The main driver for steel's surge is the Chinese government's intention to keep closing excess capacity in polluting heavy industries, such as steel, iron ore and coal.
China wants major state-owned businesses to cut 6 million tonnes of steel production and 24.7 million tonnes of coal capacity this year, official media reported on Jan. 12.
This is a slight change of emphasis on the steel front from last year when the government wanted capacity cuts as opposed to output cuts.
Full-year figures are not yet available, but China's steel output rose 1.1 percent to 738.94 million tonnes in the first 11 months of the year compared to the same period a year earlier.
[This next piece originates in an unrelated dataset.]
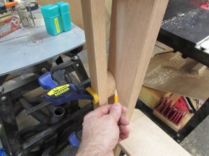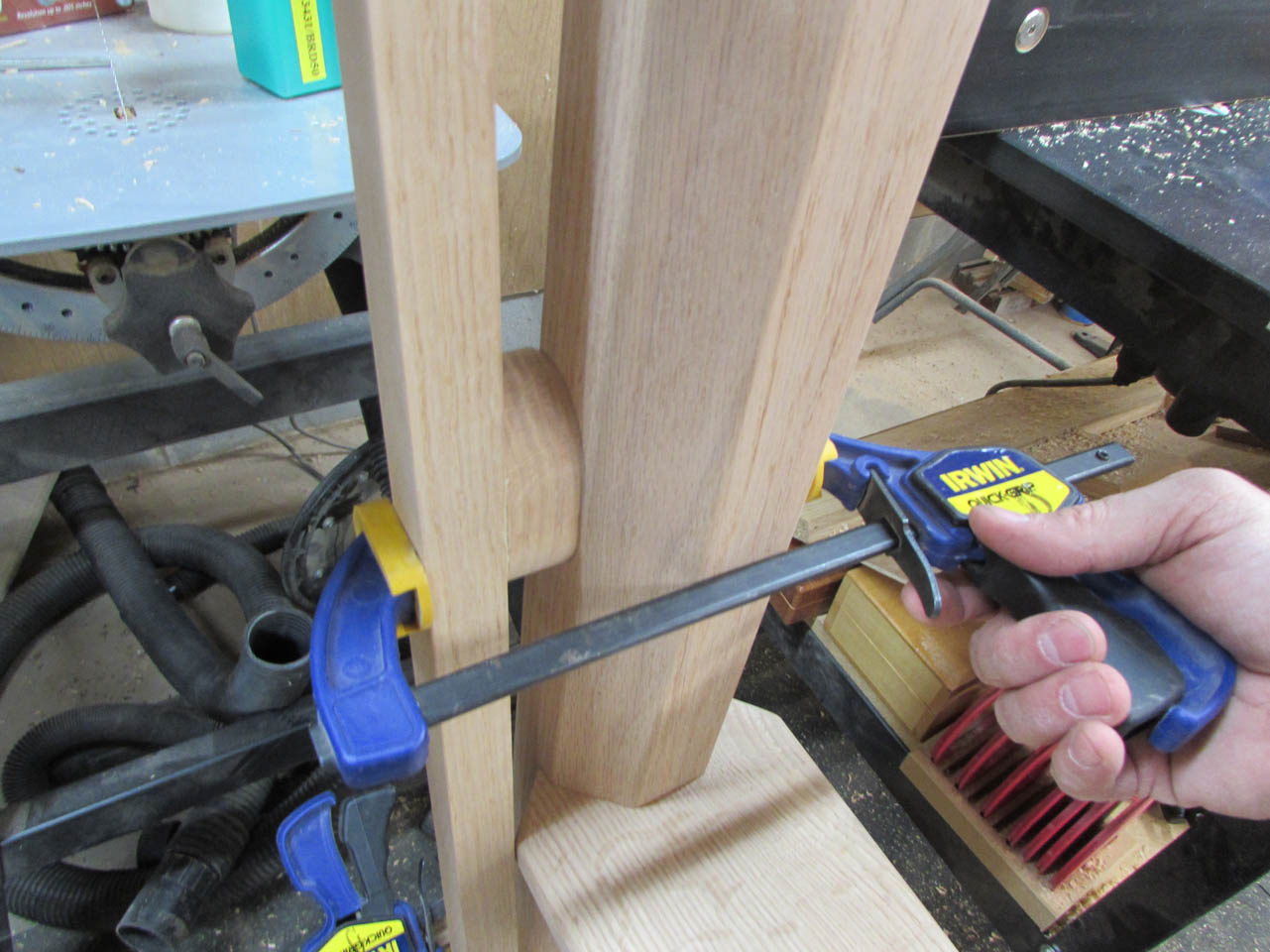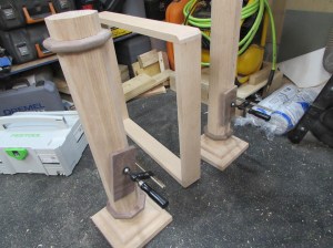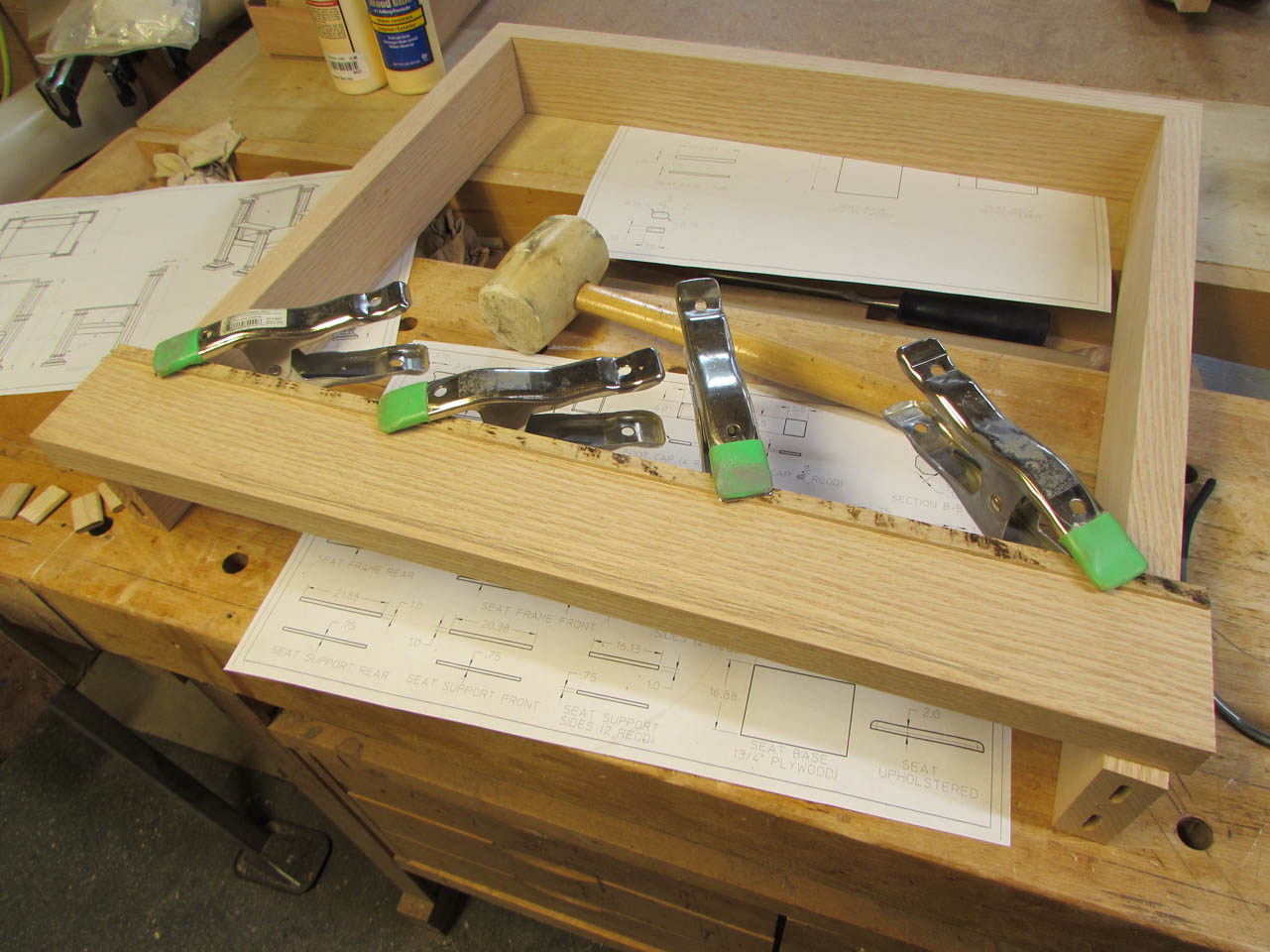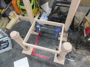 I squared and aligned the bases of the columns and clamped the seat frame in place.

The rate of growth has also been accelerating recently, with November's production jumping 5 percent year-on-year, the fastest monthly pace in two years.
What was achieved in 2016 was about 45 million tonnes in steel capacity cuts, even as output was rising.
Given China's steel production capacity is still above 1 billion tonnes per annum, it is clear there is still plenty of scope for further capacity cuts, something the government aims to achieve.
Output of low-grade steel in small, polluting furnaces is to be eliminated by the end of June, a move that could cut as much as 4 percent of China's steel output, according to a Jan. 11 report in state media.
What is currently happening is that steel makers are still making profits and are thus incentivised to continue producing, and the output that is being closed is less profitable, low-technology and polluting.
The question is whether China's economic growth will be strong enough, and in the right sectors, to use up all the steel being produced.
This is especially the case given that exports are unlikely to grow strongly, given that protectionist measures against China's products continue to mount.
China's steel exports dropped by 4.4 percent in 2016 to 95.22 million tonnes, still a significant amount and about 8 percent of the country's total production.